The site owner will be barred from infringing any of the defendants copyrighted works and must permanently delete and destroy all electronic copies of the copyrighted works.

Fighting back

Rather than ignore the lawsuit or take down the website, the owner initially argued that the record labels had no jurisdiction over the two websites. The Virginia court initially agreed and threw out the copyright infringement case against the owner.

Citing precedent in a 2001 Federal Circuit decision in ALS Scan v Remarq Communities, the court reiterated that “personal jurisdiction requires purposeful targeting of a forum with manifest intent to engage in business there”.

Although both websites were found to “interact” with users in Virginia by allowing them to download files, it was not sufficient enough reason to merit personal jurisdiction.

However, the case was then reinstated on appeal to the US Court of Appeals for the Fourth Circuit.
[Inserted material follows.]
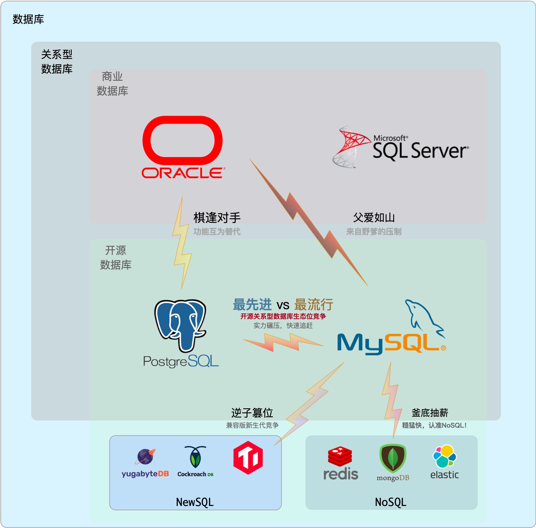 关系型数据库的生态位高度重叠,其关系可以视作零和博弈。与PostgreSQL形成直接竞争关系的,就是Oracle与MySQL。

The owner attempted to petition the appeal to the US Supreme Court but it declined to hear the case.

Deadlocked defence

The case then returned to the Virginia court, where proceedings hit an impasse after the site owner refused to hand over server logs in discovery, which would tell the court what the website users were pirating and where they were based.

This led his own counsel to seek withdrawal from the case, citing their “frustration at the owner’s failure to fully cooperate in the discovery process”.

However, the Virginia court said that the owner’s conduct was not so egregious as to require the withdrawal of his counsel.

However, this cleared the way for the record label to request a default judgment which was granted in October 2021.

Shortly thereafter, US Magistrates Judge Theresa Buchanan recommended that the court grant the record labels request for damages injunctive action and attorneys fees and costs in December, saying that the labels were entitled to the more than $82 million that they had demanded.